Square Brackets

I'm trying to understand the AduinoJson library.
In the API documentation there are the following lines:

char json[] = "{\"sensor\":\"gps\",\"time\":1351824120,\"data\":[48.756080,2.302038]}";

StaticJsonBuffer<200> jsonBuffer;

JsonObject& root = jsonBuffer.parseObject(json);

const char* sensor = root["sensor"];
long time          = root["time"];
double latitude    = root["data"][0];
double longitude   = root["data"][1];

I've seen square brackets being used as a marker for an array and containing the index for an array, but I can't understand how they are being used there. I can understand that object root is parsed version of the jsonBuffer, and that the phrase "sensor" is doing a string search, but this clause:
root["sensor"] I don't understand at all.
If anyone can tell explain it I would be grateful. :slight_smile:

rajdarge:
I'm trying to understand the AduinoJson library.

URL?

here is the link for the library

and the wiki with examples:

thanks for the responses :slight_smile:

Delta_G:
Maybe that class overloads the brackets operator to do something else.

Yup. This looks like the operator of interest...
https://github.com/bblanchon/ArduinoJson/blob/master/include/ArduinoJson/JsonObject.hpp#L59

...but I can't understand how they are being used there.

C++ allows operators, like array reference ([]), to be overridden. It is really just "syntax sugar". The same thing can be accomplished using a method. Given your confusion, overriding the array reference operator was a bad choice by the library's author. The point of overriding an operator is to make the source code more readable not less.

The author could have just as easily done something like this...

const char* sensor = root.getValueAsStringOfNodeNamed( "sensor" );
long time          = root.getValueAsLongOfNodeNamed( "time" );

Ok that makes sense now,
as you say it was overloading the [] operator with a class function
so when implementing the square brackets it was using the function rather than the default array operator.
It is doing this with data type const char*, String& , a JsonObjectKey.
I can't see it being able to overload with a float, int, word etc.

I have a section of someone elses code that I am trying to bend to my will and it uses this line:

const float temp_c = current["temp_c"];

It compiles ok but every time that the program gets to that line, the chip crashes and gives me a memory dump.

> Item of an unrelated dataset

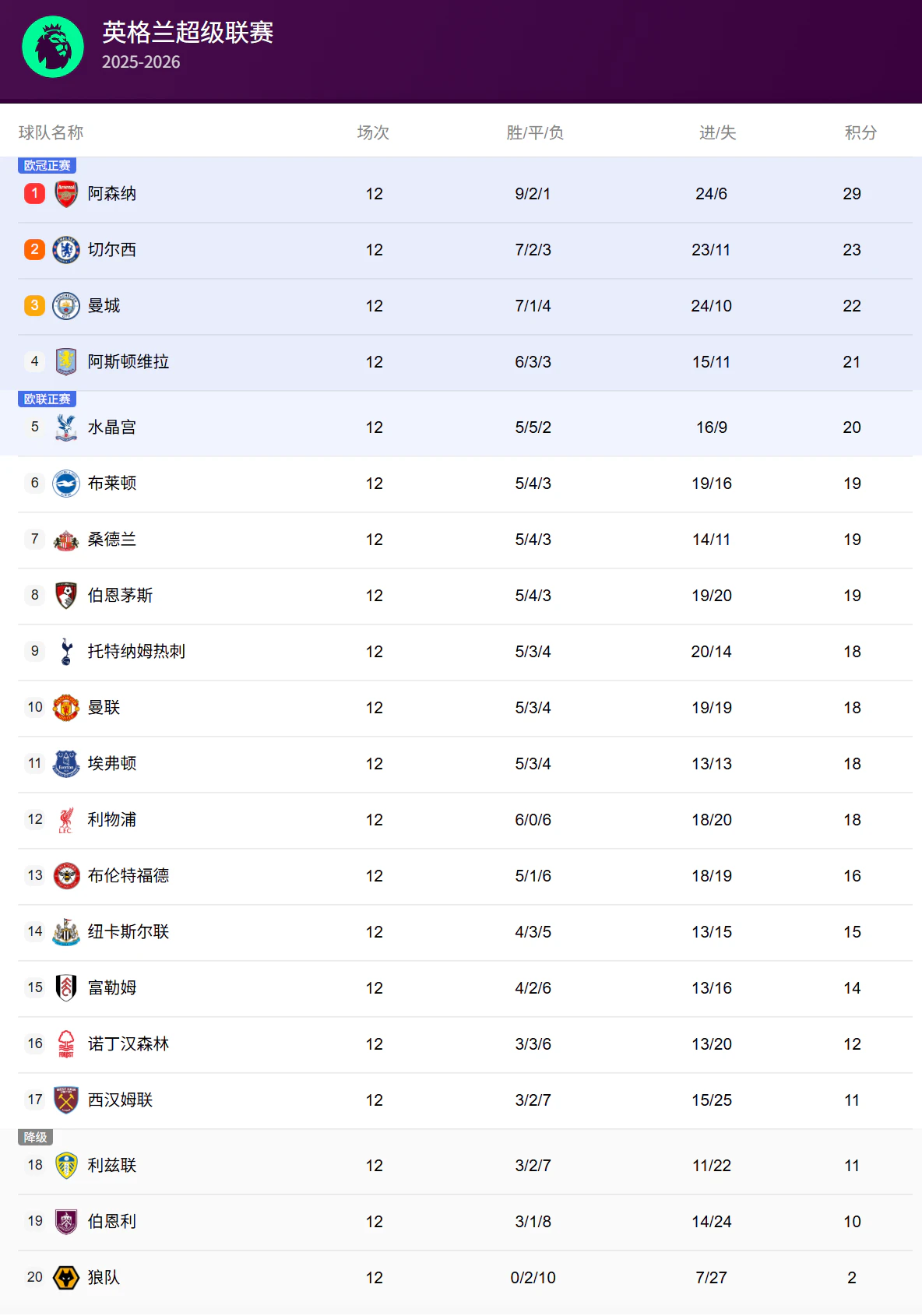 阿斯顿维拉本轮客场2-1战胜利兹联,迎来两连胜,以21分暂列第四。水晶宫以20分位列第五,布莱顿、桑德兰和伯恩茅斯都只落后水晶宫1分。从第二名切尔西到第十二名利物浦,这11支球队之间的总分差仅为5分,竞争异常激烈。

I am using it to send data to a WUNDERGROUND account, obtain TZ and DST info to parse the time offset for local time, along with temp and weather. I am using an ESP8266, but sending stuff to a Pro-mini that uses it to log temp data with UTC time and offset to a SD card. Just in case you were wondering. It might be a problem with the local version of the ArduinoJson Library rather than the library itself. The Esp8266 has a lot of quirks, I have found.

I couldn't imagine temperature being constant. Why did you tell the compiler that you wanted to make it a constant?

to be honest I couldn't understand that either, but even converting it to a float variable, it still caused an error. Not in compilation, in execution.